(DATA TO USE)
========================================
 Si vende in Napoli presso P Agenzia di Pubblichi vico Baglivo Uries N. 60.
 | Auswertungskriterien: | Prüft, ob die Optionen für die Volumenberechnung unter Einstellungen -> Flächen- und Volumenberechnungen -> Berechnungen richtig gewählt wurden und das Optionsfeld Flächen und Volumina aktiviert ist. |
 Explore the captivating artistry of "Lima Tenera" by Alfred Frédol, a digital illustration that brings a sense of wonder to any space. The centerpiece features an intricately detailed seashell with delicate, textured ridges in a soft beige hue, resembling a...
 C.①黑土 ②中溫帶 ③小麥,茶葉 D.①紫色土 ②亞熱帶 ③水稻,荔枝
========================================
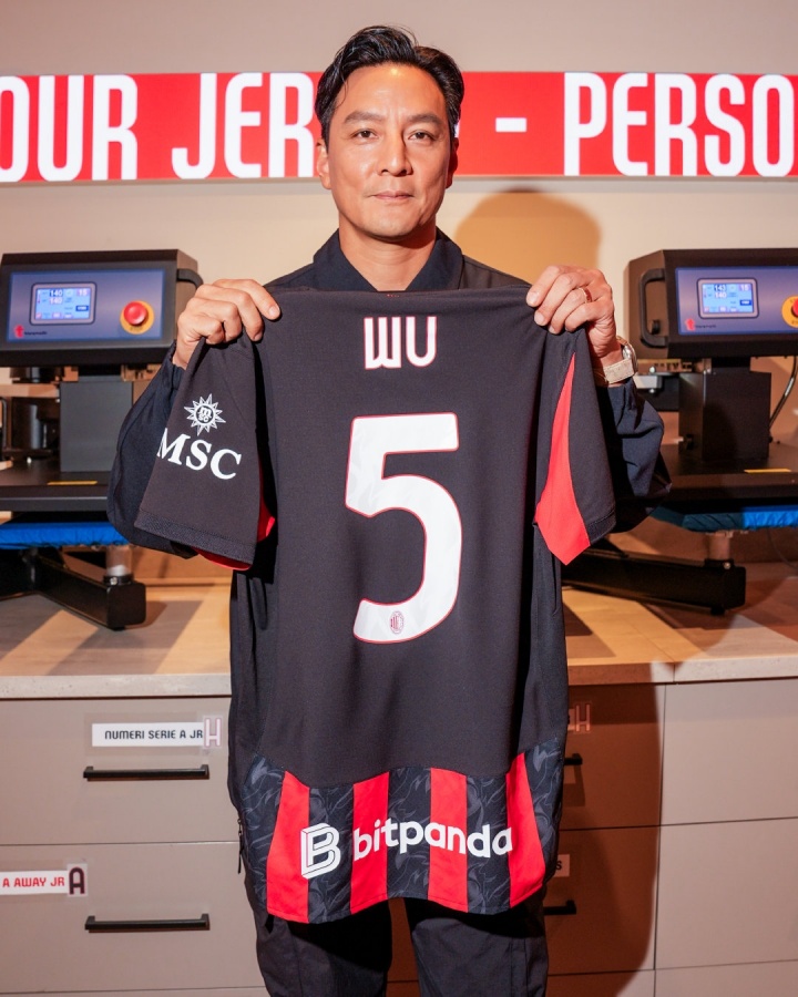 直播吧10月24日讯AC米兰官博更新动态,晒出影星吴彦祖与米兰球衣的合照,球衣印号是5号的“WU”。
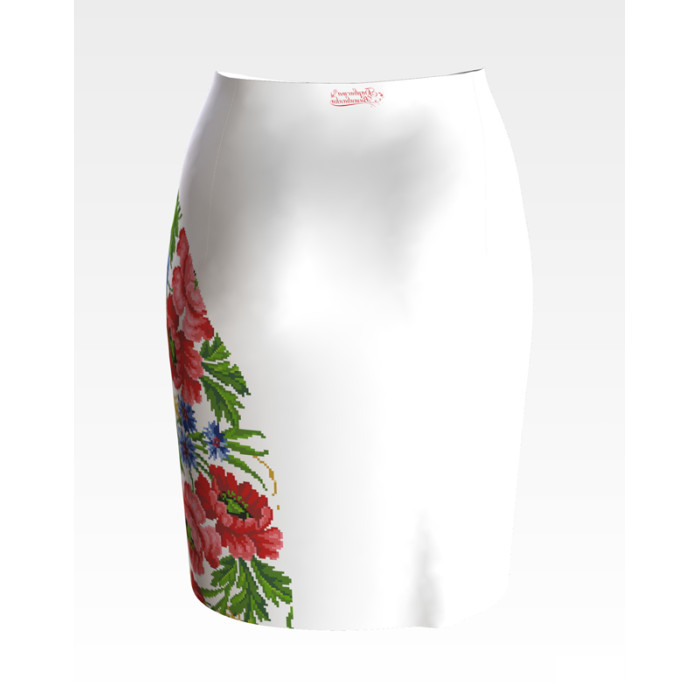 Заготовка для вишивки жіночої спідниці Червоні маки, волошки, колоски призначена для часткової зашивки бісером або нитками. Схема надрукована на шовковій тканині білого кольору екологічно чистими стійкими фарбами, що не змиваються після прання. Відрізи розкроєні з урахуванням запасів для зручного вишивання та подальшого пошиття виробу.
========================================
(GOAL OF THE EXERCISE) Return exactly the stretch above whose first line contains "直播吧10月24日讯AC米兰" and whose last line contains "Заготовка для вишивки", and nothing outside it. The pictures should not appear.

(ANSWER TO THIS PROBLEM)
 直播吧10月24日讯AC米兰官博更新动态,晒出影星吴彦祖与米兰球衣的合照,球衣印号是5号的“WU”。
 Заготовка для вишивки жіночої спідниці Червоні маки, волошки, колоски призначена для часткової зашивки бісером або нитками. Схема надрукована на шовковій тканині білого кольору екологічно чистими стійкими фарбами, що не змиваються після прання. Відрізи розкроєні з урахуванням запасів для зручного вишивання та подальшого пошиття виробу.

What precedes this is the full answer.